What is required:
Starting at the line containing "Ce document d'emballage" and ending at the line containing "สมัยที่สอง ประจำปี พ.ศ.๒๕๖๘", transcribe the listing below exactly. Keep both end lines, skip the pictures, and copy nothing else.

Supplied entries:

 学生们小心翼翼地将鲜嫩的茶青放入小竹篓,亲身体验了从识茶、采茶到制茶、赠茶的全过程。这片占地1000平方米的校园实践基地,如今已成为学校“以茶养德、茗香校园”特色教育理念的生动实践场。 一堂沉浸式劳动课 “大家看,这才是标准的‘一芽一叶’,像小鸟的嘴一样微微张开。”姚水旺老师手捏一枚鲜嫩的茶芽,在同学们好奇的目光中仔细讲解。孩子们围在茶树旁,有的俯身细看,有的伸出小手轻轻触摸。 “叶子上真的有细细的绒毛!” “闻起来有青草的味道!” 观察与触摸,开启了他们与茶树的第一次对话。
...
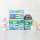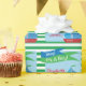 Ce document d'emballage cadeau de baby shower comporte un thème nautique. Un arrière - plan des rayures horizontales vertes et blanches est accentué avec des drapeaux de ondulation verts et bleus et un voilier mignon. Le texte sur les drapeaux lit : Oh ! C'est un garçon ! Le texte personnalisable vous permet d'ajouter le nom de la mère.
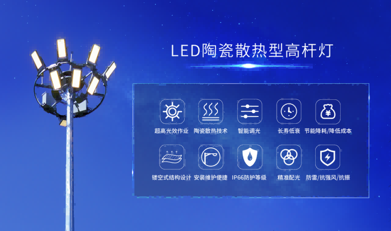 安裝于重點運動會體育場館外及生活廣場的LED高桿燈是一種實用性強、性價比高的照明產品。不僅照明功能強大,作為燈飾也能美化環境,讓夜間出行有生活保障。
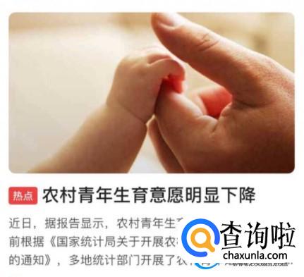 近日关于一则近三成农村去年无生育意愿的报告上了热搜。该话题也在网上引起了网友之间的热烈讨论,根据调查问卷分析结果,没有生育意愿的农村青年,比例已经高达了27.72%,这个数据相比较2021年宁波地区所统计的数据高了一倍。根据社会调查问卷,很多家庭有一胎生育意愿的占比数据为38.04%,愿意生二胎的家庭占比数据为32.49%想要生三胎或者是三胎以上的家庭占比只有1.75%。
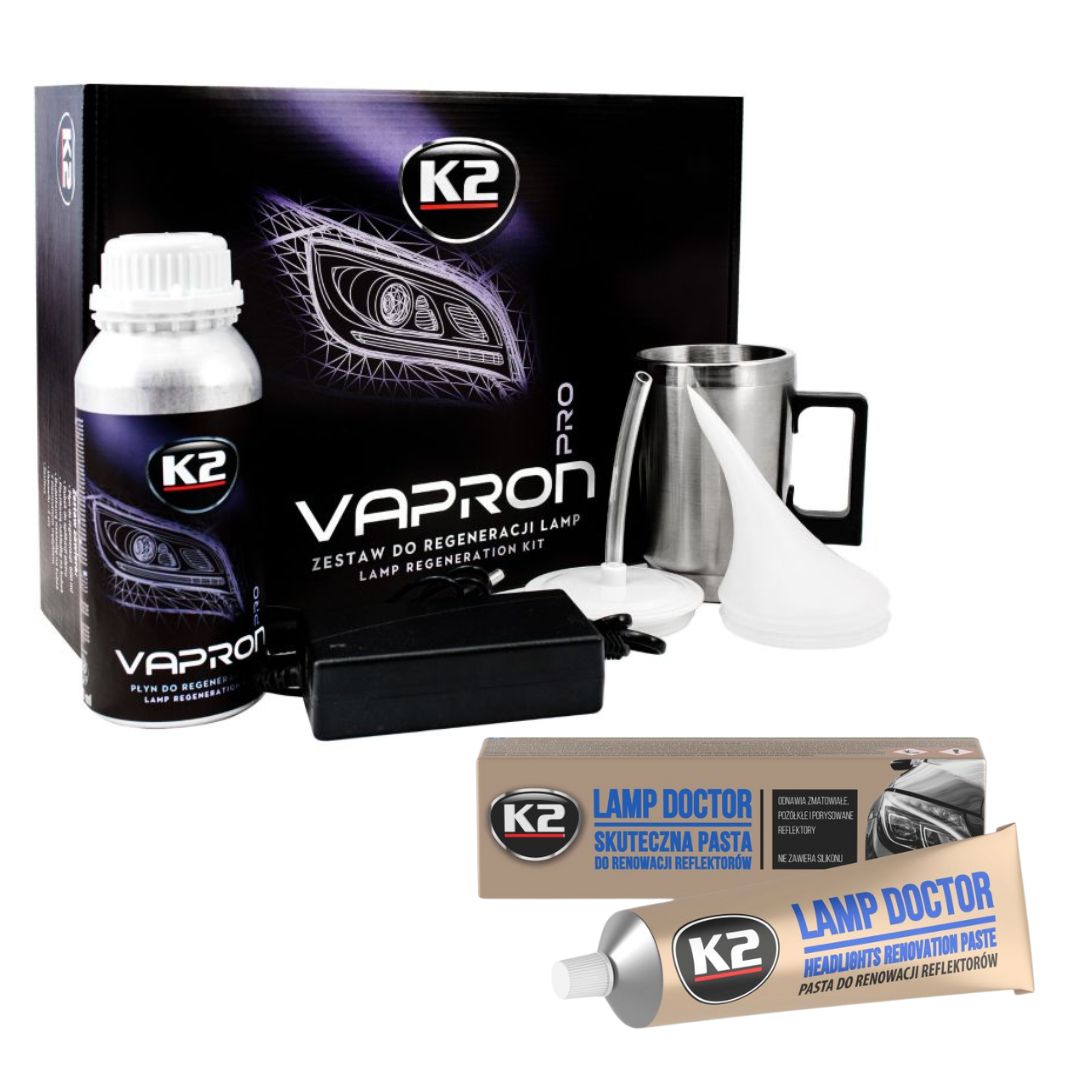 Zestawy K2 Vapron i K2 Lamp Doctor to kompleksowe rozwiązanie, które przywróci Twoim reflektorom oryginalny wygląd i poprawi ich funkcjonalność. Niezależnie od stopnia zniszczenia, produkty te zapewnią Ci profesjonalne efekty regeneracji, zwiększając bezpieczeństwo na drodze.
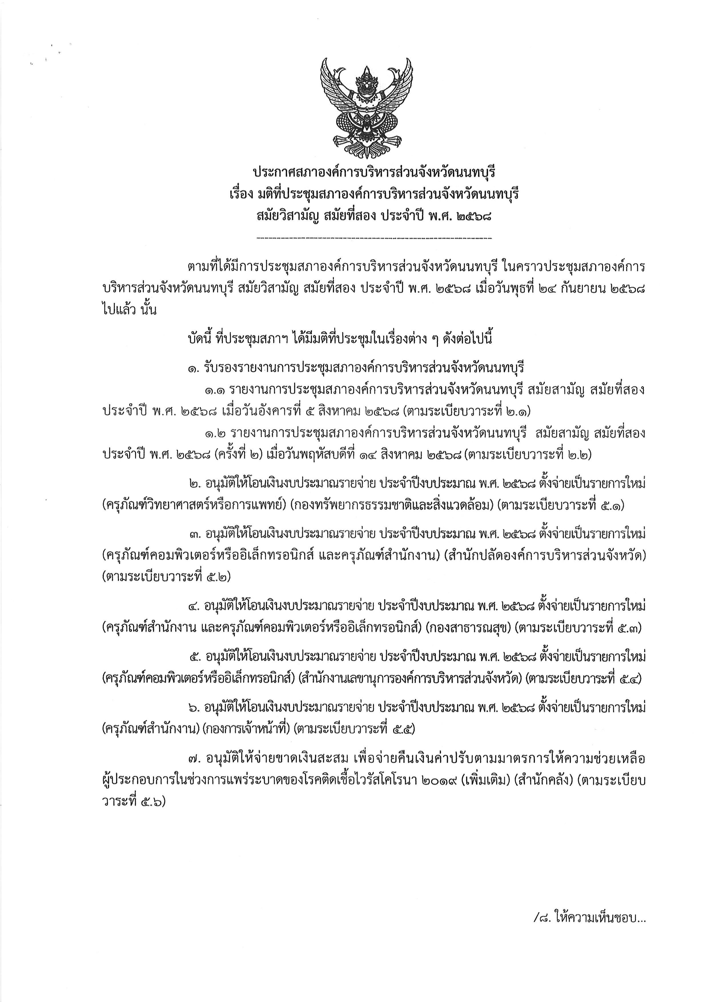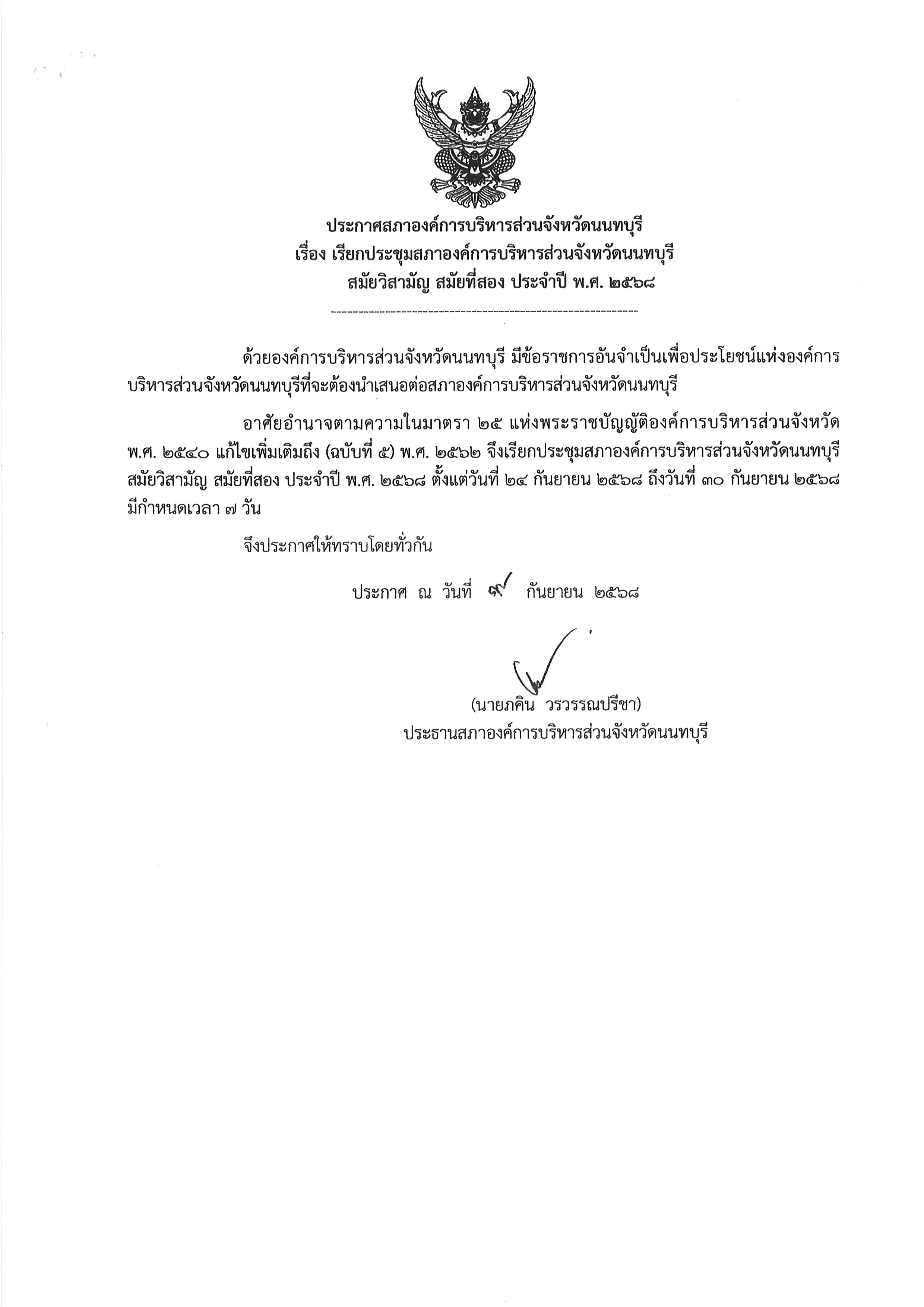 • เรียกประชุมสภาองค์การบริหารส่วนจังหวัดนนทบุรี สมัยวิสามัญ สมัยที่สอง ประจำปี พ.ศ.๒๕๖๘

Reply:
 Ce document d'emballage cadeau de baby shower comporte un thème nautique. Un arrière - plan des rayures horizontales vertes et blanches est accentué avec des drapeaux de ondulation verts et bleus et un voilier mignon. Le texte sur les drapeaux lit : Oh ! C'est un garçon ! Le texte personnalisable vous permet d'ajouter le nom de la mère.
 安裝于重點運動會體育場館外及生活廣場的LED高桿燈是一種實用性強、性價比高的照明產品。不僅照明功能強大,作為燈飾也能美化環境,讓夜間出行有生活保障。
 近日关于一则近三成农村去年无生育意愿的报告上了热搜。该话题也在网上引起了网友之间的热烈讨论,根据调查问卷分析结果,没有生育意愿的农村青年,比例已经高达了27.72%,这个数据相比较2021年宁波地区所统计的数据高了一倍。根据社会调查问卷,很多家庭有一胎生育意愿的占比数据为38.04%,愿意生二胎的家庭占比数据为32.49%想要生三胎或者是三胎以上的家庭占比只有1.75%。
 Zestawy K2 Vapron i K2 Lamp Doctor to kompleksowe rozwiązanie, które przywróci Twoim reflektorom oryginalny wygląd i poprawi ich funkcjonalność. Niezależnie od stopnia zniszczenia, produkty te zapewnią Ci profesjonalne efekty regeneracji, zwiększając bezpieczeństwo na drodze.
 • เรียกประชุมสภาองค์การบริหารส่วนจังหวัดนนทบุรี สมัยวิสามัญ สมัยที่สอง ประจำปี พ.ศ.๒๕๖๘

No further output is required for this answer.